[Data records]
-- Opening Marker --
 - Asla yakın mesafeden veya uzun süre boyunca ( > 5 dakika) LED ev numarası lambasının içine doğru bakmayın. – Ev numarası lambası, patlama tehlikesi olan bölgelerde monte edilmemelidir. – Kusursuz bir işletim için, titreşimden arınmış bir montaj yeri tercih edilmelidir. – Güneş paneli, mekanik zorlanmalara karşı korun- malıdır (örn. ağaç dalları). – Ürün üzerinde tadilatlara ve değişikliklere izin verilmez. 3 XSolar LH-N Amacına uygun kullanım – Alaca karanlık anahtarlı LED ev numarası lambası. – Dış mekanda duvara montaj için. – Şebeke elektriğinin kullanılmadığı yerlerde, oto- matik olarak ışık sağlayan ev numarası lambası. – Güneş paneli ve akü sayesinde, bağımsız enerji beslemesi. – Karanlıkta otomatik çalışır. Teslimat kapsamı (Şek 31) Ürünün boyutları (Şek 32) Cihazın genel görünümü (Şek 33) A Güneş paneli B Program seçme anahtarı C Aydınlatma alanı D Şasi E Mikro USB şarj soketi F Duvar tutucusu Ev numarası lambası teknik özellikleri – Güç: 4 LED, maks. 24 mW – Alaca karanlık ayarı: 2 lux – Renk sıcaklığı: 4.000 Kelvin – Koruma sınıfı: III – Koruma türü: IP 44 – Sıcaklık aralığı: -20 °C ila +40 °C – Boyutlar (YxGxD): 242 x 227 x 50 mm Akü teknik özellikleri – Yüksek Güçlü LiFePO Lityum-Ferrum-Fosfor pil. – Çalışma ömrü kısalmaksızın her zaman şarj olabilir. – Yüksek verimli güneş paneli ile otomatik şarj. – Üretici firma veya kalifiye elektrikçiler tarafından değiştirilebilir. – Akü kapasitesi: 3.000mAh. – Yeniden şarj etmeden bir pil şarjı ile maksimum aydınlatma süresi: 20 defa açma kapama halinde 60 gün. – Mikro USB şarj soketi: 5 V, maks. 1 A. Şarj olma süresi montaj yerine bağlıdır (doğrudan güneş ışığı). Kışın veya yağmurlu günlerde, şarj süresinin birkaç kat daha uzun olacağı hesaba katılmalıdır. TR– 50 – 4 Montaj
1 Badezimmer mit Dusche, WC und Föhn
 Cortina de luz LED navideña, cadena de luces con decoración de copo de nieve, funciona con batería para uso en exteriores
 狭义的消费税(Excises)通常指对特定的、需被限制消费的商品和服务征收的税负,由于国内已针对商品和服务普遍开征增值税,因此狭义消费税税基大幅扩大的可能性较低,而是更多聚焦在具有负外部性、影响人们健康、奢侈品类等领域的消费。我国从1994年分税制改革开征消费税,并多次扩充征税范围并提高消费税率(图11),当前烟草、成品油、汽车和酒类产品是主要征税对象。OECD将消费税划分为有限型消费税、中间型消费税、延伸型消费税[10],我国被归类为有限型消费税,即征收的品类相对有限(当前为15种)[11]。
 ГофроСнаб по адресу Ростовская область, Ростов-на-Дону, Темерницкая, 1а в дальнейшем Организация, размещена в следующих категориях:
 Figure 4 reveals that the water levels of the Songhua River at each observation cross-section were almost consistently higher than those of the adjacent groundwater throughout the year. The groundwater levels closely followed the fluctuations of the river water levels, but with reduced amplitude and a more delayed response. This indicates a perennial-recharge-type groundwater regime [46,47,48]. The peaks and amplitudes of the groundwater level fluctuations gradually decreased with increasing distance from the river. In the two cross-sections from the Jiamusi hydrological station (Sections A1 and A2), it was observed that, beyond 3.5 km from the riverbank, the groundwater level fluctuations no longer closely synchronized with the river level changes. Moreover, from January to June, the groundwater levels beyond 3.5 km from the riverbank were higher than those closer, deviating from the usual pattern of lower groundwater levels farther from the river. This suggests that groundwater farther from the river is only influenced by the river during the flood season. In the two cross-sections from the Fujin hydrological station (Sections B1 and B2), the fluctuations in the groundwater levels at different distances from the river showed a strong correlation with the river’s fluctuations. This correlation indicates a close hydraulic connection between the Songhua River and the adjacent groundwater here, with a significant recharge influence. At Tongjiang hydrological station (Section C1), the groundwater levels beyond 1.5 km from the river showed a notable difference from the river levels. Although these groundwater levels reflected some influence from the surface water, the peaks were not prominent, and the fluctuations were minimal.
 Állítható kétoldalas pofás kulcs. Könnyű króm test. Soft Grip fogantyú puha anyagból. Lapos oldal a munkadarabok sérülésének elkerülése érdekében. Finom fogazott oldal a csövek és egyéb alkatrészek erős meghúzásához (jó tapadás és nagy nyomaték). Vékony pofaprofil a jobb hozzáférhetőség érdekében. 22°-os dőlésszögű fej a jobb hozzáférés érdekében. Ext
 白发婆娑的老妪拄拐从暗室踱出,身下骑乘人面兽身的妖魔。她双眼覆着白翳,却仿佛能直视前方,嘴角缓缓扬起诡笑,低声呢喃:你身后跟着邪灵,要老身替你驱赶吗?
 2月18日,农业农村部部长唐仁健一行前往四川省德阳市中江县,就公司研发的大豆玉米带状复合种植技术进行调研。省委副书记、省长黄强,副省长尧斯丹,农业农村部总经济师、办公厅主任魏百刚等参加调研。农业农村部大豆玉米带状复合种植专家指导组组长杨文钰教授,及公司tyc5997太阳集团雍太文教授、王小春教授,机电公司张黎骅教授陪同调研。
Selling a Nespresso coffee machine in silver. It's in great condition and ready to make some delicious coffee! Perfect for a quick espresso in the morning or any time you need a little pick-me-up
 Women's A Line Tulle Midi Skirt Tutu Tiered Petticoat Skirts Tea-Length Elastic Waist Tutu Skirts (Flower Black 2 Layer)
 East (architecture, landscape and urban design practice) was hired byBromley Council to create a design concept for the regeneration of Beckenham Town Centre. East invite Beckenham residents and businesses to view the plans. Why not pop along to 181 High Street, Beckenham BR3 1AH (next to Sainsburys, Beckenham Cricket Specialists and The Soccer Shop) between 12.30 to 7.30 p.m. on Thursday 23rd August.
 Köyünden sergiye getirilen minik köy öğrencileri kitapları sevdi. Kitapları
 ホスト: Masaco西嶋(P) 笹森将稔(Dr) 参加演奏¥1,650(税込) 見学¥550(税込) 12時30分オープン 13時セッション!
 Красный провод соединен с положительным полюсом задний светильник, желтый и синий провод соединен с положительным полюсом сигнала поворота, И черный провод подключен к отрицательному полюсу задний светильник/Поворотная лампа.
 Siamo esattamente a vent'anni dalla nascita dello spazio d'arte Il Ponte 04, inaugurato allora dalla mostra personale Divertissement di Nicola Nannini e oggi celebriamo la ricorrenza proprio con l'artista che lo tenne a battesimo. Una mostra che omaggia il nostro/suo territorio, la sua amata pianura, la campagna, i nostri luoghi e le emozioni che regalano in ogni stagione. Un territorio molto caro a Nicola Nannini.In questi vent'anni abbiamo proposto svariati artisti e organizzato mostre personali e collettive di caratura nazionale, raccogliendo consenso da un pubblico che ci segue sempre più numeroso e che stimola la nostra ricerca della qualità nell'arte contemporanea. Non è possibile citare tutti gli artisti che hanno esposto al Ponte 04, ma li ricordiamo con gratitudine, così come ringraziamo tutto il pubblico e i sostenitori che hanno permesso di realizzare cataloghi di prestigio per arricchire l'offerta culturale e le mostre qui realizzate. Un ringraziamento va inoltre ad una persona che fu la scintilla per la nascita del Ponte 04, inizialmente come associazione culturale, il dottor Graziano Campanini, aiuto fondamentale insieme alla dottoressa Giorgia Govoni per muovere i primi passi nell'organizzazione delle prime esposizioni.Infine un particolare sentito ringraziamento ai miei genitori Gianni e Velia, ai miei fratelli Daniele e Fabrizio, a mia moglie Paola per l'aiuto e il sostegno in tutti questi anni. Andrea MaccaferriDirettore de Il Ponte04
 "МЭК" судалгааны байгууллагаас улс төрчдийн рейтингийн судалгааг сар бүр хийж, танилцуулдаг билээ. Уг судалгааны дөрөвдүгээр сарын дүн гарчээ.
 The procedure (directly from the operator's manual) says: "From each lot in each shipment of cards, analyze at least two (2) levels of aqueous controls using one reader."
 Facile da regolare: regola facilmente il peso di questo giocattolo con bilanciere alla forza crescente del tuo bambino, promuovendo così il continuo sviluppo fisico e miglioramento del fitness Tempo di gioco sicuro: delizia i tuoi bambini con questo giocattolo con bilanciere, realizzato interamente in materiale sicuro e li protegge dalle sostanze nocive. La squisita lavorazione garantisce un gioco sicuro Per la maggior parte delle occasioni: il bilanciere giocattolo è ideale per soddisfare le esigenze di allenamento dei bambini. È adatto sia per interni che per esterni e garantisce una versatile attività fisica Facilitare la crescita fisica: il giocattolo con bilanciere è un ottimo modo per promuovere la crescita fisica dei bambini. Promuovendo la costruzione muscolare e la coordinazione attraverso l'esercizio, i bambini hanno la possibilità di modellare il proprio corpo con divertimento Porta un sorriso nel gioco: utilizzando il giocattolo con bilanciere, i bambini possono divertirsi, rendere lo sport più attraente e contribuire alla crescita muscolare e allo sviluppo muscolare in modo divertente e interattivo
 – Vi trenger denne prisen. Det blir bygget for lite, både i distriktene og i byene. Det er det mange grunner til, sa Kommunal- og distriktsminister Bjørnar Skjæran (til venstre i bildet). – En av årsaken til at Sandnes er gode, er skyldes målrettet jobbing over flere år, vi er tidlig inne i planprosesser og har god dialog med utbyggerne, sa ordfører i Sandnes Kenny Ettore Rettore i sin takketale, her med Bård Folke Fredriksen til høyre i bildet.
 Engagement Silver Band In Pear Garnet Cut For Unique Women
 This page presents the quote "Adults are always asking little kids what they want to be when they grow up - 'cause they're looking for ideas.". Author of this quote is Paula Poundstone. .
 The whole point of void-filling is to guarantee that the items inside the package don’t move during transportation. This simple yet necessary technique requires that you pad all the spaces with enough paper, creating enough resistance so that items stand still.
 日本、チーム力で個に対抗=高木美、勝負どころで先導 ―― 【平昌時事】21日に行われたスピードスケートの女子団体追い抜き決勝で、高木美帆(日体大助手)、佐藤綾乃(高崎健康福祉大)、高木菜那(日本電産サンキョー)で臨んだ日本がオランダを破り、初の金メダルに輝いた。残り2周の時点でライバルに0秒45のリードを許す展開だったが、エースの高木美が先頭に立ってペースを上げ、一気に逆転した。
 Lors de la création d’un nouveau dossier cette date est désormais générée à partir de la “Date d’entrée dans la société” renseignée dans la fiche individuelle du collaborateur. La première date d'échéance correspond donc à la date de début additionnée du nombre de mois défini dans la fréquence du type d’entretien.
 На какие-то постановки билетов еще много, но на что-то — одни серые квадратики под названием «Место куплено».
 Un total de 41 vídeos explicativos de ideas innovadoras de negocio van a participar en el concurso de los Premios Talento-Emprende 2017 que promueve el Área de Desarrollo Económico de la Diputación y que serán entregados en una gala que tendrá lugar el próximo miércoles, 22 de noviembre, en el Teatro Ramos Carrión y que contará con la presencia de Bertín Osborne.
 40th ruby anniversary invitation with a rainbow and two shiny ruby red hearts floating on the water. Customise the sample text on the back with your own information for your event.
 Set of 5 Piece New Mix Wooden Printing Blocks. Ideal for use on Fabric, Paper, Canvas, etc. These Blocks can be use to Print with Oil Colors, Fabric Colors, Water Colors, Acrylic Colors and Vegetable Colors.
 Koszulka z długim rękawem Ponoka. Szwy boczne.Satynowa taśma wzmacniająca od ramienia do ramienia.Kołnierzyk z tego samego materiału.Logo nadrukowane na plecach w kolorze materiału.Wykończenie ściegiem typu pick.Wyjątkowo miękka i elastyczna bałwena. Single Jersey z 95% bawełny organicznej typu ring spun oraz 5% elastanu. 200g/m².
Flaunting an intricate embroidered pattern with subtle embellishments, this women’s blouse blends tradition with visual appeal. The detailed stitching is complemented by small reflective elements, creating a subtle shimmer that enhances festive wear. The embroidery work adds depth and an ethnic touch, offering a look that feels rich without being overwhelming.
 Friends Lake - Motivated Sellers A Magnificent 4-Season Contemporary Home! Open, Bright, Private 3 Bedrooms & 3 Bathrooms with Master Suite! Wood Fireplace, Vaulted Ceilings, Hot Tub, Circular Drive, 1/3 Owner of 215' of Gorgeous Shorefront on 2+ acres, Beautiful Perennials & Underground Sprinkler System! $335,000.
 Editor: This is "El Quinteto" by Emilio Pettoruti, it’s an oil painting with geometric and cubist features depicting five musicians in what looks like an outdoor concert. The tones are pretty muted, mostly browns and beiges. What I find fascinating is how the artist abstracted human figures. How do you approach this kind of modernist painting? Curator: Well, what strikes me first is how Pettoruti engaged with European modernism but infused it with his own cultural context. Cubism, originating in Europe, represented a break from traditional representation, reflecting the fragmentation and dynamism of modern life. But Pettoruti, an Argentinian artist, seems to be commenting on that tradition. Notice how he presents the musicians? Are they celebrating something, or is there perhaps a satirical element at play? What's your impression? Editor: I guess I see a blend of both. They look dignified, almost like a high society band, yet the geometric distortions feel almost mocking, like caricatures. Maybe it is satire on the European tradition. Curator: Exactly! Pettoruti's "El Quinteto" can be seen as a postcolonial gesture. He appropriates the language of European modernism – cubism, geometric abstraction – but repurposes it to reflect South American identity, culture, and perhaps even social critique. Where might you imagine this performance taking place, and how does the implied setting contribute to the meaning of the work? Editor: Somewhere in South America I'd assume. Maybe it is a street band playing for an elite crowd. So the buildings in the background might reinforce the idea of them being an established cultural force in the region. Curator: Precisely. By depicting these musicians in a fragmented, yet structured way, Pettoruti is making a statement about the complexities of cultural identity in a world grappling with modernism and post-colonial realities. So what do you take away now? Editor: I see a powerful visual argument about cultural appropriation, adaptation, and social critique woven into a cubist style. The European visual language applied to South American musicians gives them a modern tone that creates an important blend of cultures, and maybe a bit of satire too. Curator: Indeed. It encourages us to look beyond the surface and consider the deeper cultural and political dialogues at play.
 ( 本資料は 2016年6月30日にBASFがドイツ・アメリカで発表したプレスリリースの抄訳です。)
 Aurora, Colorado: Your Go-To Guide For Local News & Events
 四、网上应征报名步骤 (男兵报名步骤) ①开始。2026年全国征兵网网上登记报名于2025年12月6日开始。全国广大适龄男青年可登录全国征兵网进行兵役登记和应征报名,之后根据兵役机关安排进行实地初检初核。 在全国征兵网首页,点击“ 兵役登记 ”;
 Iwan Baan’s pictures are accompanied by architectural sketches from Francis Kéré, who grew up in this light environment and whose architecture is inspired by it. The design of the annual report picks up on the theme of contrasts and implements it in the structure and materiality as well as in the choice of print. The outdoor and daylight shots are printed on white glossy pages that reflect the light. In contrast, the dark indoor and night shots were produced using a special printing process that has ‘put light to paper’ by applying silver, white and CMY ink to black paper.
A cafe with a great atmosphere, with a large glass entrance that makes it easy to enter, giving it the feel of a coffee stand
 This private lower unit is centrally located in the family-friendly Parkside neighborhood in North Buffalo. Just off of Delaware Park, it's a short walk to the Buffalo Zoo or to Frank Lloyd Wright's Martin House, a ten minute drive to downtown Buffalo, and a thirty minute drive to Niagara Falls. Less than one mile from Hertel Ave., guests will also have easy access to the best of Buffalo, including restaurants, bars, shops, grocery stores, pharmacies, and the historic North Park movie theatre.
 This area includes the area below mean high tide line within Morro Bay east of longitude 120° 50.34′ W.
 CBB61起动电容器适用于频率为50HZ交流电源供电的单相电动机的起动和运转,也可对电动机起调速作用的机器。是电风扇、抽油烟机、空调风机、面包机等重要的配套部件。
-- Closing Marker --
*Task description*
Each line above that contains the word "stand" must be copied.

*Response box*
 The whole point of void-filling is to guarantee that the items inside the package don’t move during transportation. This simple yet necessary technique requires that you pad all the spaces with enough paper, creating enough resistance so that items stand still.
A cafe with a great atmosphere, with a large glass entrance that makes it easy to enter, giving it the feel of a coffee stand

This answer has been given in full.